У перевернутой самодельной лодки возились двое деревенских пареньков. Услыхали барабанщиков, подняли головы, засмотрелись на знамя, на незнакомых мальчишек в белых рубашках и штанах до колен, с красными платками на шеях, с мотками верёвок и топориками у поясов.

– С городу. Пионеры называются. Батя сказывал, цельный месяц будут в лесу жить.

– А тебе-то чего? Пускай живут, нам не мешают. Ты конопать давай, дело не бросай.

– Я ничо, так. Афанасий Петрович говорит, нехристи они и совести не знают.

– А сам-то он знает? Семь шкур с соседей дерёт.

– Дак я и говорю. Эй, ребята, далеко идёте-то?

– На Гамаюн!

– Хорошее место! В гости приплывём!

– Давайте!

Это Генка крикнул "давайте", Тот, что в третьей шеренге слева. Конечно, не следует кричать в строю, но ведь и не ответить нельзя: нехорошо получится. Да и трудно удержаться, не крикнуть, потому что на душе очень радостно: брызжет солнце, ярко синеет вода, стройно шагают товарищи. Неутомимые барабанщики Петька Бубенчиков и Саня Черноскатов то попеременке, то вместе бьют весёлый походный марш. А за синим лесом, в конце дороги, ждёт мальчишек заваленный гранитными валунами, заросший полуостров с дремучим сказочным названием – Гамаюн.

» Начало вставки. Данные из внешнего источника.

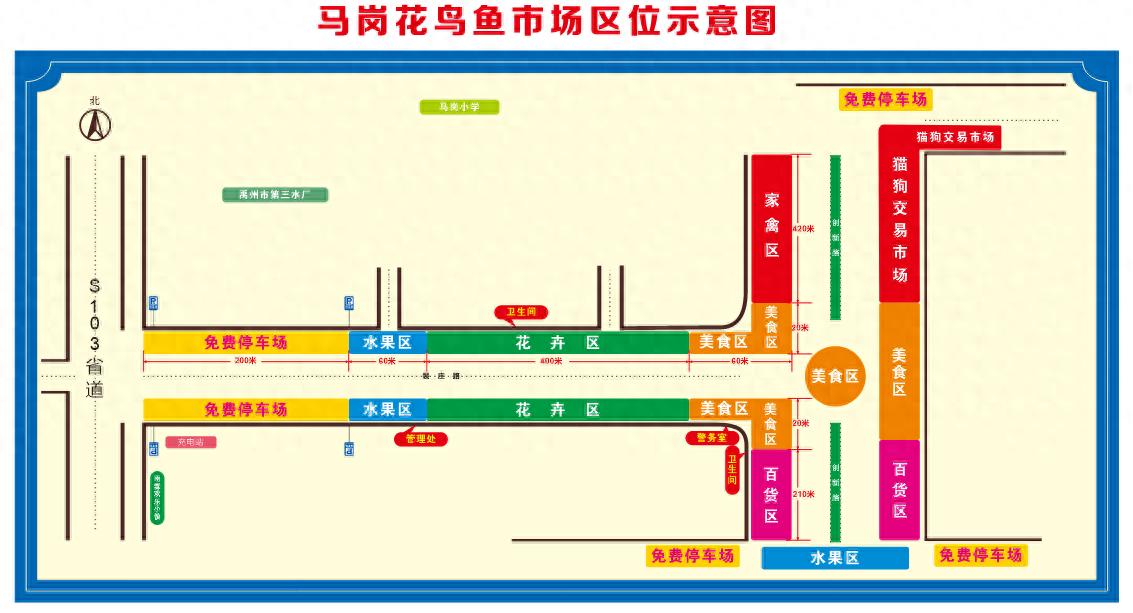 从“狗市”西入口走进,右侧醒目的“马岗花鸟鱼市场区位示意图”映入眼帘,市场被清晰地划分为免费停车区、水果区、花卉区、美食区、百货区、家禽区、猫狗交易区等七大区域。各功能区标识明确,布局开放通透,既方便人流物流畅通,又保留了传统集市的热闹氛围。向东望去,“免费停车场”的标识格外醒目,车辆整齐停放,有效缓解了赶集群众的停车难题。
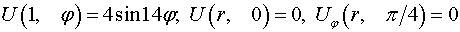 Решение задачи 8.4 (задача 8. Найти решение уравнения Лапласа дельтаu=0 в круговом секторе 0 < r < 1, 0 < Фи < a (r и Фи - полярные координаты, а < 2Пи), на границе которого искомая функция удовлетворяет следующим условиям: согласно варианта (стр. 220). Вариант 4) из решебника к сборнику задач по высшей математике раздела XI: Уравнения Математической Физики (УМФ).
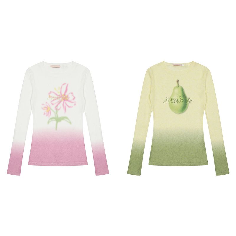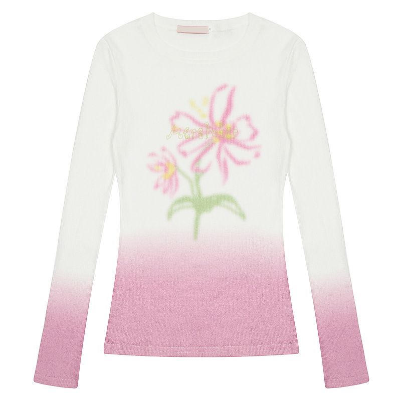 Gradient Flower Long-sleeved T-shirt For Women Light Pink S

К лагерю пришли, когда солнце уже садилось за сизый лесистый хребет на том берегу. Зарозовели облака, вода стала золотистой, и мелко поблёскивал слюдяными чешуйками гранит валунов. Среди камней в траве раскидано было отрядное имущество: его дежурные привезли на подводе и на шлюпке. Лежали свёрнутые палатки, стояли корзины с картошкой, вёдра. Поблёскивали штыки на составленных в пирамиду винтовках. А еще одна винтовка – в руках у часового.

Хоть и устали ребята, а отдыхать некогда – ночь на носу.

– За дело, друзья!

Десять человек – ставить палатки, двое – за водой, пятеро – чистить картошку. Остальные – за дровами, за ветками для постелей, костровую площадку готовить и мачту для флага.

И часовой к знамени!

Генка и Саня Черноскатов вместе таскали хворост. Наберут по охапке – и к костру. Саня наконец выдохся:

– Хватит уже. Дров-то на целую неделю нанесли.

А Генка ничуть не устал. Хоть всю ночь работать готов. Жаль, никакого дела не осталось: палатки стоят ровным квадратом, мачта на месте, огонь трещит, в вёдрах булькает картофельная похлёбка. Вот и кончился день, похожий на солнечную карусель. Голубые звёзды проклюнулись в светлом небе. Звенят комары, кусаются помаленьку, но ничего.

– Ребята! Ужинать и спать!

А спать совсем не хочется. Посидеть бы ещё у костра. Или у воды постоять, поглядеть, как мерцают в десяти верстах огоньки города. Где-то там, в домике у городского пруда, мамка, Бориска, Лида. Бориска чуть не ревел, просился с отрядом, да нельзя: мал ещё.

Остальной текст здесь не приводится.